By isolating the critical measuring device, the solenoid, from the sample flow path, the simple design instantly eliminates the risks present in earlier systems and takes a major step forward in terms of robustness. The solenoid valves are now only exposed to deionised water at a constant pressure, allowing them to operate efficiently and effectively, as they were originally designed. Rather than lasting for only months, solenoid valves can now be expected to perform for years. In addition to improving robustness, the system design ensures that the aspirated sample never contacts moving parts and only encounters a very simple flow path. The benefits for “difficult” samples are clear. A wide range of reagent viscosities together with beads, cells, and complex mixtures have been pipetted successfully.
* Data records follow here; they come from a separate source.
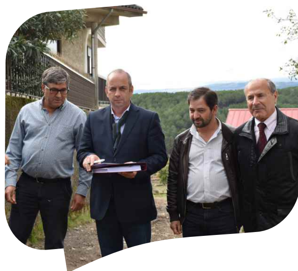
Consignação da empreitada Pavimentação da ligação de Granja a Trêsminas, em colaboração com Conselho Diretivo
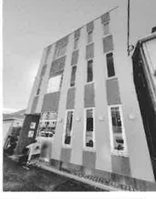
ファミリーマート 八広六丁目店の目の前
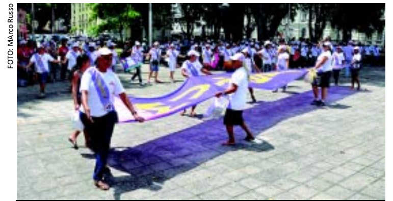
[FOTO&LEGENDA] Cerca de 400 pessoas participaram da sétima edição da Caminhada das Mulheres da Emlur, ontem, no Centro da Capital. O tema deste ano foi "Mulher: Histórias e Lutas". Durante a caminhada foram lembradas reivindicações em favor das mulheres.
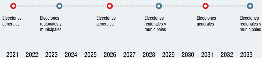
Gráfico N° 2: Cronograma de elecciones generales y elecciones regionales y municipales (propuesta)

Elaboración: Comisión de Alto Nivel para la Reforma Política (CANRP)
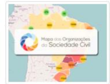
Mapa das OSCs
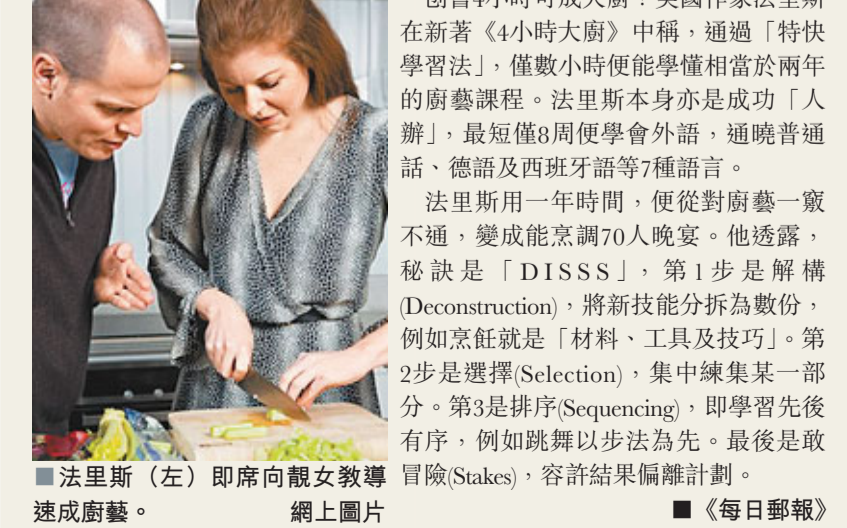
法里斯(左)即席向觀女教導速成廚藝。

創書4小時成大廚?美國作家法里斯在新著《4小時大廚》中稱，通過「特快學習法」，僅數小時便能學懂相當於兩年的廚藝課程。法里斯本身亦是成功「人辦」，最短僅8周便學會外語，通曉普通話、德語及西班牙語等7種語言。法里斯用一年時間，便從對廚藝一竅不通，變成能烹調70人晚宴。他透露，秘訣是「DISSS」，第1步是解構(Deconstruction)，將新技能分拆為數份，例如烹飪就是「材料、工具及技巧」。第2步是選擇(Selection)，集中練集某一部分。第3是排序(Sequencing)，即學習先後有序，例如跳舞以步法為先。最後是敢冒險(Stakes)，容許結果偏離計劃。
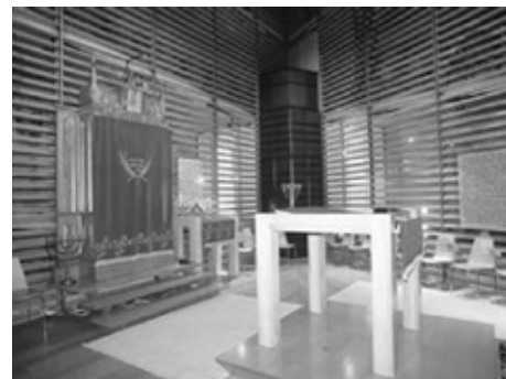
Modlitebna nové liberecké synagogy s áron ha-kodeš a bímou

byl výrazně ovlivněn moderním pojetím židovské tradice. Zlomem byl rok 1938, kdy téměř všichni Židé odešli do vnitrozemí nebo emigrovali z Československa. Během tzv. Křišťálové noci byly vypáleny významné synagogy v Liberci, Jablonci nad Nisou i v České Lípě.
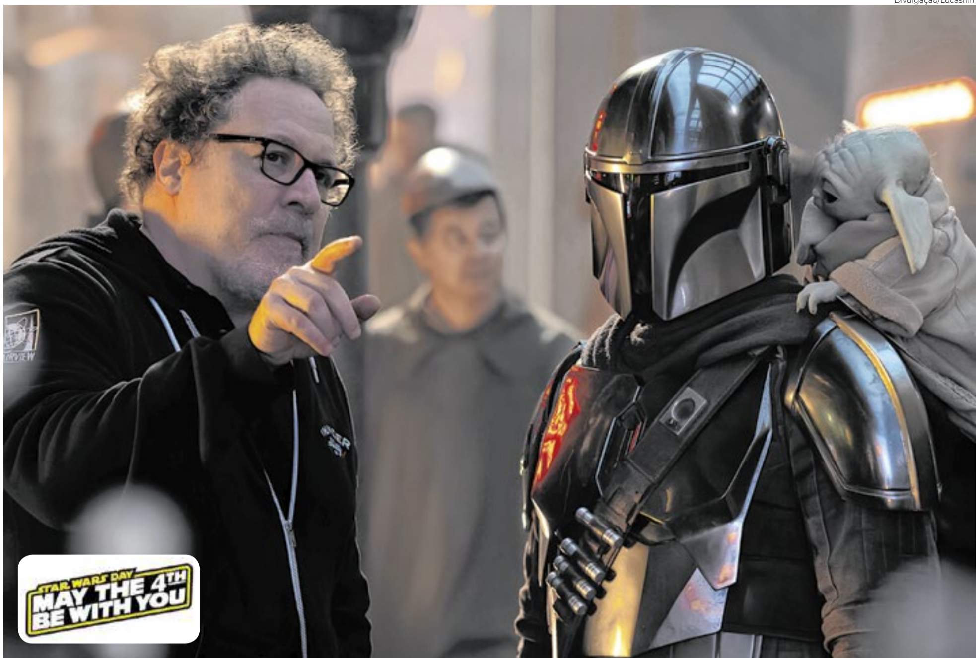
Jon Favreau dirigindo o ator Pedro Pascal (Mandaloriano) e o pequeno Grogu animatrônico nos sets de filmagem de 'Star Wars: O Mandaloriano e Grogu'
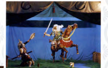
直江一式飾り「決戦川中島」
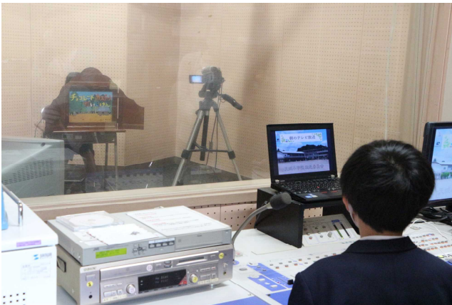
スタジオから生放送中

今朝はそのチャレンジタイムの時間を使って、図書委員会による読み聞かせの活動が行われました。委員会の担当の児童は、事前に練習を重ねて、上手に紙芝居を読むことができました。全校の教室からは、物音一つ聞こえず、みんなテレビに釘付けでした。
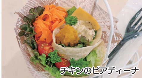
チキンのピアディーナ
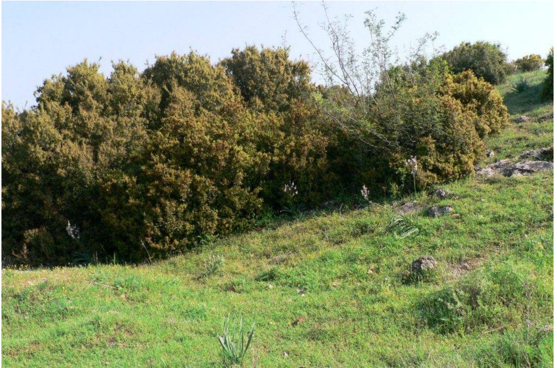
Kilis, S Kolchis, Q.coccifera -Gebüsch, felsige Krautfluren, 25.04.2006

| Figure 2A: Schematic of ASAP Technology, Aspirate Step |
|
| Figure 2A: Schematic of ASAP Technology, Dispense Step |
|
Cell Based Assay Applications
A good example of the application of this new design has been in the field of cell-based assays. The Nanodrop™ has been used to dispense many different cell-types but can also be used for measuring cell viability. A key factor in any successful liquid handler in this field, is that the fluidics must be gentle enough not to significantly damage or even kill dispensed cells. Most work to date has been performed using the standard Nanodrop tips. These tips have a tightly controlled “clean” aperture (sapphire insert) that measures 125µm in diameter. Using relatively low and consistent backpressures of a few psi, the shearing forces on the cells are minimised. Several cell lines recognised as being especially fragile have been successfully dispensed with good viability. Further investigation into the impact of even wider aperture tips is ongoing. Tables 1 and 2 summarise the utility of the Nanodrop for scaling cell viability assays to low volume 384-well plates. The volume dispensed is tabulate in the first column and reagent volumes are scaled from the standard 100 microlitre total volume per well of a 96-well kit.
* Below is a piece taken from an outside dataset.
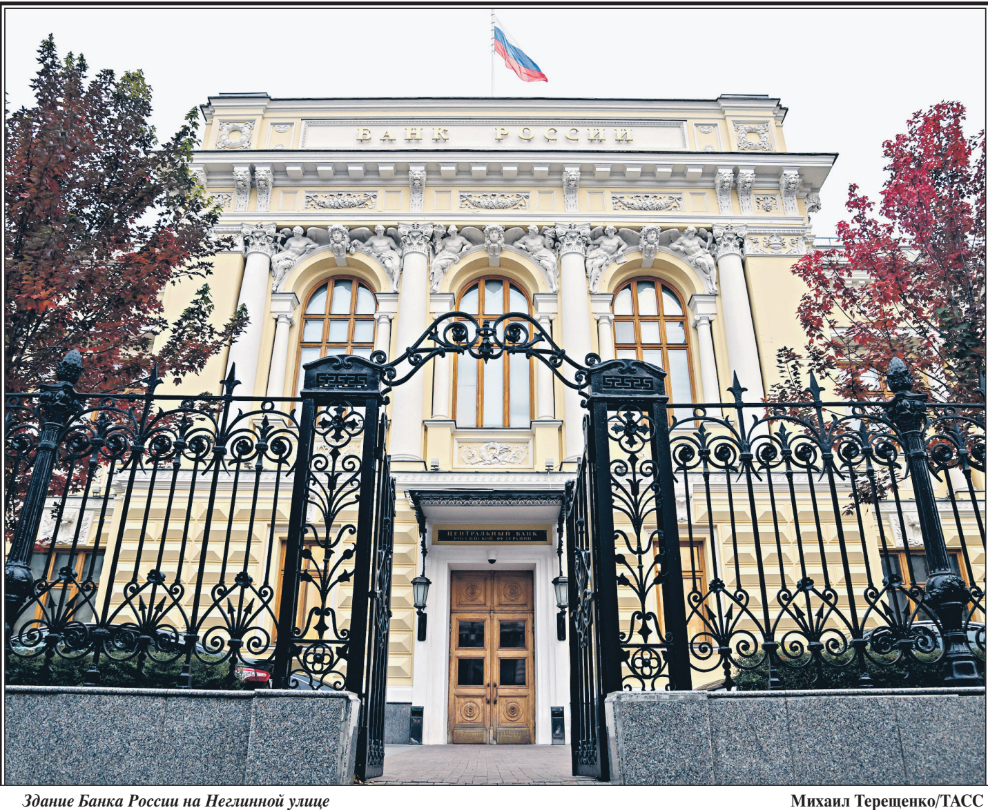
Здание Банка России на Неглинной улице
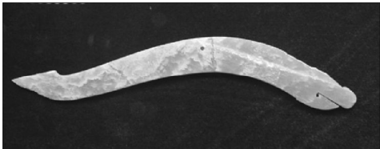
晋国祭祀坑出土玉龙 献给神的礼品。 山西侯马晋国古都博物馆

其次，玉除了礼神，还是远古圣王孜孜以求的神圣美食。《山海经·西山经》：“丹水出焉，西流注于稷泽，其中多白玉。是有玉膏，其源沸沸汤汤，黄

| Table 1: Steady-Glo Luciferase Assay System using the Nanodrop | |||
| Dispense volume/(total volume) | %Cv (whole plate) | Mean relative luminescense units (rlu) | Background rlu mean |
| 2.5 µL/(5µL) | 4.8% | 4501 | 189 |
| 1.5 µL/(3µL) | 3.8% | 2674 | 316 |
| 1.0 µL/(2µL) | 3.4% | 2190 | 285 |
| 1.0 µL/(2µL) | 3.1% | 1924 | 332 |
| Table 2: CellTiter-Glo Luminescent Cell Visibility Assay using the Nanodrop | |||
| Dispense volume/(total volume) | %Cv (whole plate) | Mean relative luminescense units (rlu) | Background rlu mean |
| 5.0 µL/(10µL) | 6.7% | 2950 | 729 |
| 2.5 µL/(5µL) | 7.0% | 1991 | 600 |
| 2.0 µL/(4µL) | 7.5% | 1798 | 671 |
| 1.5 µL/(3µL) | 7.6% | 1602 | 748 |
[Note: Assay systems available from ProMega Corporation.]